WHAT THE TASK ASKS
Print this span of the material below exactly: the line with "могут расцениваться вполне", the line with "Gaming CPU for", and every line between them, but nothing else.

───── RECORDS FOR THE TASK ─────

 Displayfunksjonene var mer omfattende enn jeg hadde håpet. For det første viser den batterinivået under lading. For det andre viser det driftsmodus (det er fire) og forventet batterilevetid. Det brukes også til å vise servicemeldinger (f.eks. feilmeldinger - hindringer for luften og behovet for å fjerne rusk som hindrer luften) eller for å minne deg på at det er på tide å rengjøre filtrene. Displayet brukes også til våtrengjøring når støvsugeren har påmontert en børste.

─────
───── RECORDS FOR THE TASK ─────

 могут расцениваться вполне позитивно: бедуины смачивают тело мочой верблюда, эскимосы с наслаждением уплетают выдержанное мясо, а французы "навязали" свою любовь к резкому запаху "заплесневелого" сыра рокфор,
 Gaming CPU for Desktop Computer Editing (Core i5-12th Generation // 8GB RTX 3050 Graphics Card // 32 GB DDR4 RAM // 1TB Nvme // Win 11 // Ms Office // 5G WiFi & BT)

─────

YOUR SOLUTION
 могут расцениваться вполне позитивно: бедуины смачивают тело мочой верблюда, эскимосы с наслаждением уплетают выдержанное мясо, а французы "навязали" свою любовь к резкому запаху "заплесневелого" сыра рокфор,
 Gaming CPU for Desktop Computer Editing (Core i5-12th Generation // 8GB RTX 3050 Graphics Card // 32 GB DDR4 RAM // 1TB Nvme // Win 11 // Ms Office // 5G WiFi & BT)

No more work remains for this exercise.